● What is expected
Leaving pictures aside, set down each line exactly, from the first line of the data to the line with "右フックがスカティジの左目を強襲(PFLMMA公式YouTubeより)", both included.

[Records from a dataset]
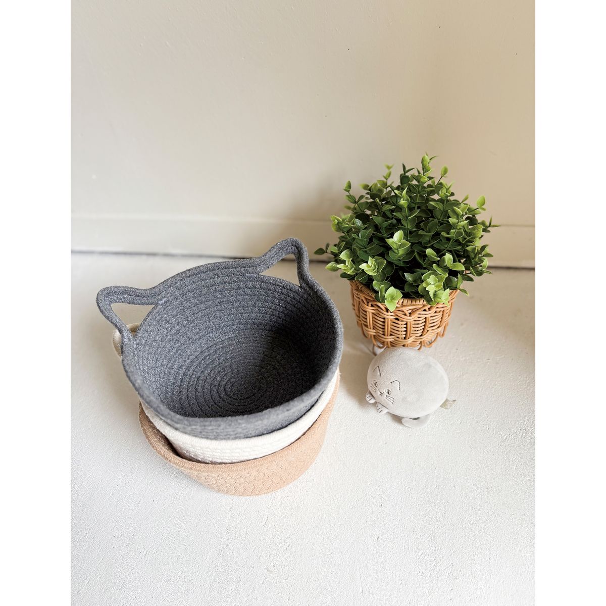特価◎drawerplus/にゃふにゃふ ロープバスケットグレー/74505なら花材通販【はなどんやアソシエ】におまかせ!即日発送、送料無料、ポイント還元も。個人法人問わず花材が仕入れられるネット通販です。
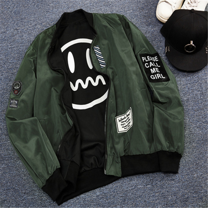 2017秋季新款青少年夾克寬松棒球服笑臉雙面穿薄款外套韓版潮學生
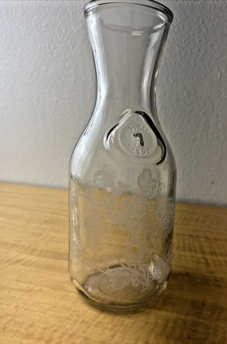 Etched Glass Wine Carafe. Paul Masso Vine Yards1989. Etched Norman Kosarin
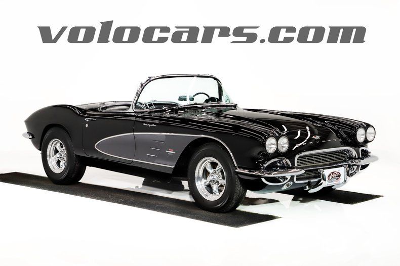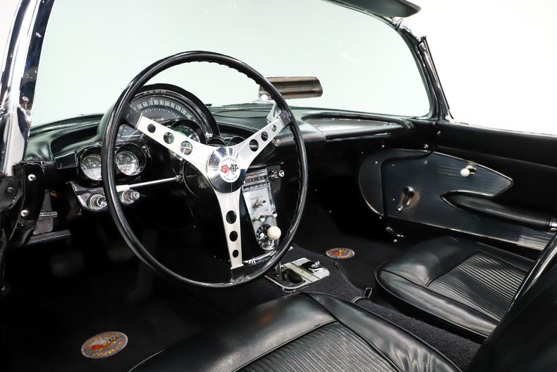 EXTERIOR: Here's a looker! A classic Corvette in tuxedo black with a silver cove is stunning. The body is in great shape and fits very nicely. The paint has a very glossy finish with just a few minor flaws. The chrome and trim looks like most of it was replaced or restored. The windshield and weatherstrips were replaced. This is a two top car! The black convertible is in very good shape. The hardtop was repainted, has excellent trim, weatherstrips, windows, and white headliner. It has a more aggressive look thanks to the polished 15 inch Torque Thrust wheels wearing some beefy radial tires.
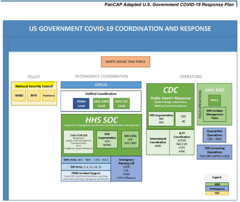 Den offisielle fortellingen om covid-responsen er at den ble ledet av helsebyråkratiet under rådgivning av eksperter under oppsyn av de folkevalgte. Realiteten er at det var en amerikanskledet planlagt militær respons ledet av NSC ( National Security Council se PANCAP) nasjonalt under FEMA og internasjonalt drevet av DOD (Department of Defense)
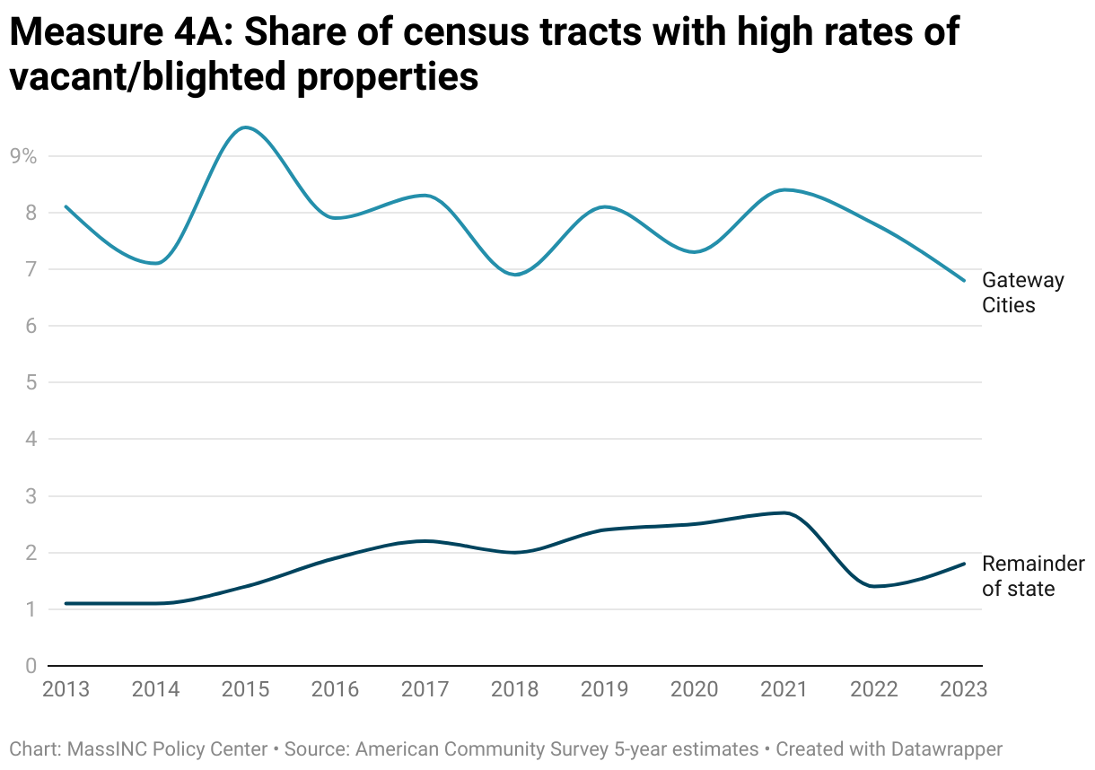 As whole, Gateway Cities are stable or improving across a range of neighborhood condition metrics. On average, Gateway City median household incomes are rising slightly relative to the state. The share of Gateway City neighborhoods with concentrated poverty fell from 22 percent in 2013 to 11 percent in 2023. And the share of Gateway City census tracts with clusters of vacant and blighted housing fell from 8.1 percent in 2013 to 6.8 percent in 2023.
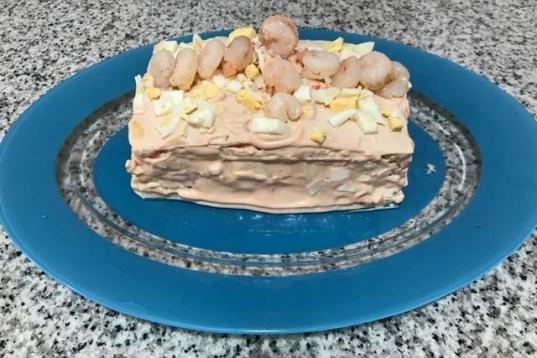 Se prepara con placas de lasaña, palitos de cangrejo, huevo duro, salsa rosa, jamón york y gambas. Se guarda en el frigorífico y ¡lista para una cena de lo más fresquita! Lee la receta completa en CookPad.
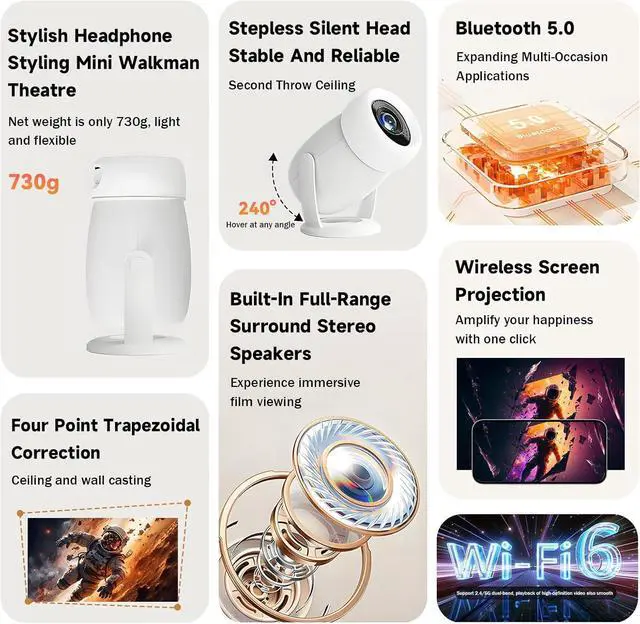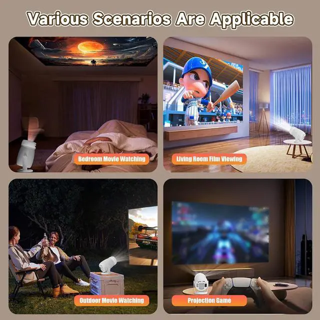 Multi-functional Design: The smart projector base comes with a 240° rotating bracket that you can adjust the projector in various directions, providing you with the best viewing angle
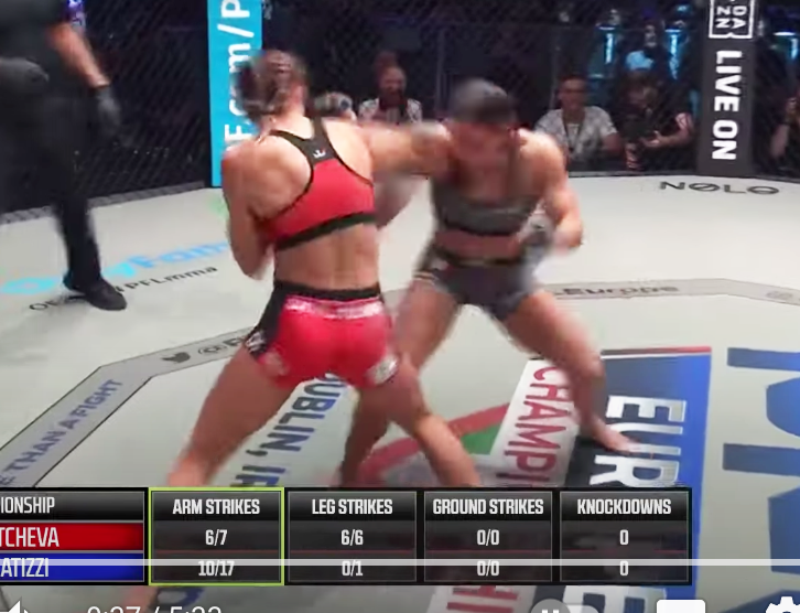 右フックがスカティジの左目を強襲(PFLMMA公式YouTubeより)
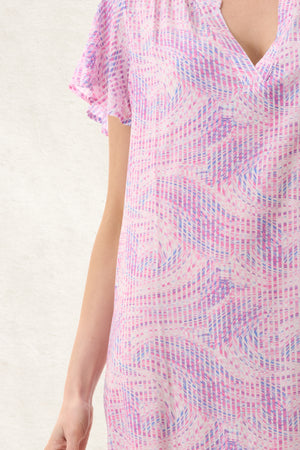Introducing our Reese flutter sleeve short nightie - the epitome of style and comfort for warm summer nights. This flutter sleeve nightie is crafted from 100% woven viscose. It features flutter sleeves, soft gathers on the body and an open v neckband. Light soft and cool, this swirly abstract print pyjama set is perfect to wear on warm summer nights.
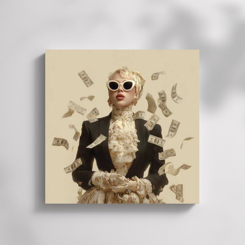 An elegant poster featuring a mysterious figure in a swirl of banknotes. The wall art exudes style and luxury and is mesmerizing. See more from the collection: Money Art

● Response area
特価◎drawerplus/にゃふにゃふ ロープバスケットグレー/74505なら花材通販【はなどんやアソシエ】におまかせ!即日発送、送料無料、ポイント還元も。個人法人問わず花材が仕入れられるネット通販です。
 2017秋季新款青少年夾克寬松棒球服笑臉雙面穿薄款外套韓版潮學生
 Etched Glass Wine Carafe. Paul Masso Vine Yards1989. Etched Norman Kosarin
 EXTERIOR: Here's a looker! A classic Corvette in tuxedo black with a silver cove is stunning. The body is in great shape and fits very nicely. The paint has a very glossy finish with just a few minor flaws. The chrome and trim looks like most of it was replaced or restored. The windshield and weatherstrips were replaced. This is a two top car! The black convertible is in very good shape. The hardtop was repainted, has excellent trim, weatherstrips, windows, and white headliner. It has a more aggressive look thanks to the polished 15 inch Torque Thrust wheels wearing some beefy radial tires.
 Den offisielle fortellingen om covid-responsen er at den ble ledet av helsebyråkratiet under rådgivning av eksperter under oppsyn av de folkevalgte. Realiteten er at det var en amerikanskledet planlagt militær respons ledet av NSC ( National Security Council se PANCAP) nasjonalt under FEMA og internasjonalt drevet av DOD (Department of Defense)
 As whole, Gateway Cities are stable or improving across a range of neighborhood condition metrics. On average, Gateway City median household incomes are rising slightly relative to the state. The share of Gateway City neighborhoods with concentrated poverty fell from 22 percent in 2013 to 11 percent in 2023. And the share of Gateway City census tracts with clusters of vacant and blighted housing fell from 8.1 percent in 2013 to 6.8 percent in 2023.
 Se prepara con placas de lasaña, palitos de cangrejo, huevo duro, salsa rosa, jamón york y gambas. Se guarda en el frigorífico y ¡lista para una cena de lo más fresquita! Lee la receta completa en CookPad.
 Multi-functional Design: The smart projector base comes with a 240° rotating bracket that you can adjust the projector in various directions, providing you with the best viewing angle
 右フックがスカティジの左目を強襲(PFLMMA公式YouTubeより)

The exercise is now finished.